**Task item:**
Extract word for word the lines of the listing from its start to the line holding "Раковина Villeroy &", both ends kept; pictures are not part of the copy.

**Data shown:**
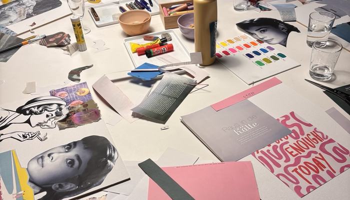 Herrliche Mischtechnik mit Farben, Papier, bisschen Vintage oder Pop, nostalgisch oder wild. Alles ist möglich.
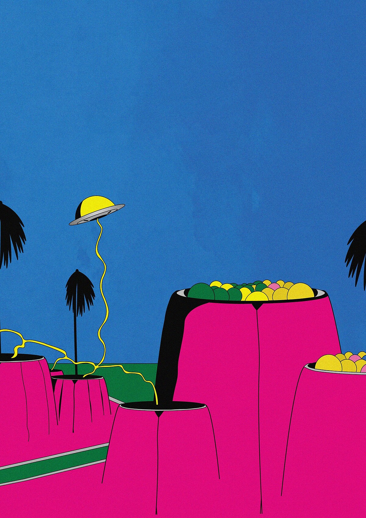 雖然 Cream Ecoes 目前以數位創作為主,但他對於更自由的媒材表達充滿興趣。未來,他希望嘗試顏料創作,探索如何在畫布、紙板,甚至牆面上進行更開放的表現。他認為,與數位媒材相比,顏料能提供更直接、無拘束的創作過程,讓他能夠更加專注於色彩與形式本身的表現。
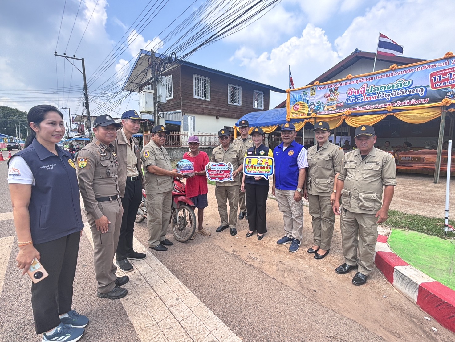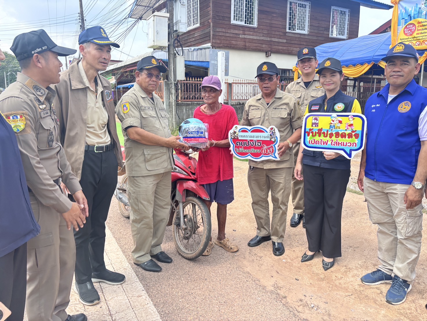 พ.ต.ท.ปรีชา โยนสิงห์ สว.สภ.ป่งไฮ ร่วมกับ อำเภอเซกา ทต.ป่งไฮ ร่วมกันรณรงค์การสวมใส่หมวกนิรภัยในช่วงเทศกาลสงกรานต์ ปี 2568
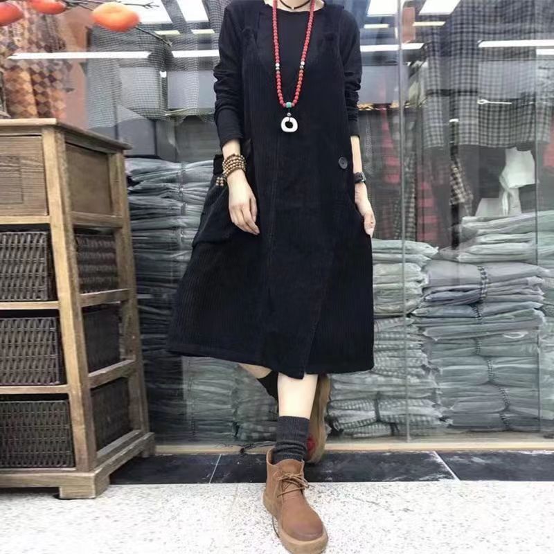 스커트 겨울 가을 루즈한 코듀로이 여성 서스펜더 멜빵 트렌드
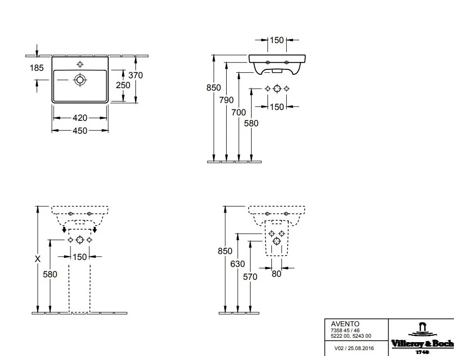 Раковина Villeroy & Boch Avento 735845R1 (7358 45 R1) CeramicPlus
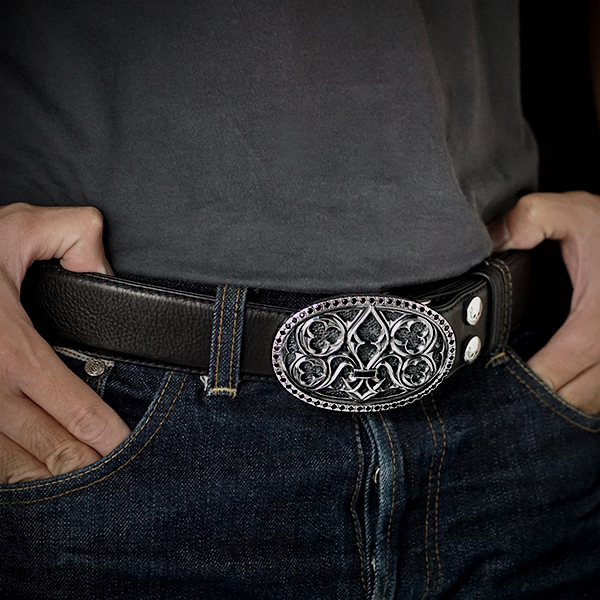 Gothic chic buckle inspired by gothic pattern from french medieval church. Available in sterling silver and leather belt. Sold with 38" fix size leather belt. Other size: contact@soulfetish.com.

**Answer section:**
 Herrliche Mischtechnik mit Farben, Papier, bisschen Vintage oder Pop, nostalgisch oder wild. Alles ist möglich.
 雖然 Cream Ecoes 目前以數位創作為主,但他對於更自由的媒材表達充滿興趣。未來,他希望嘗試顏料創作,探索如何在畫布、紙板,甚至牆面上進行更開放的表現。他認為,與數位媒材相比,顏料能提供更直接、無拘束的創作過程,讓他能夠更加專注於色彩與形式本身的表現。
 พ.ต.ท.ปรีชา โยนสิงห์ สว.สภ.ป่งไฮ ร่วมกับ อำเภอเซกา ทต.ป่งไฮ ร่วมกันรณรงค์การสวมใส่หมวกนิรภัยในช่วงเทศกาลสงกรานต์ ปี 2568
 스커트 겨울 가을 루즈한 코듀로이 여성 서스펜더 멜빵 트렌드
 Раковина Villeroy & Boch Avento 735845R1 (7358 45 R1) CeramicPlus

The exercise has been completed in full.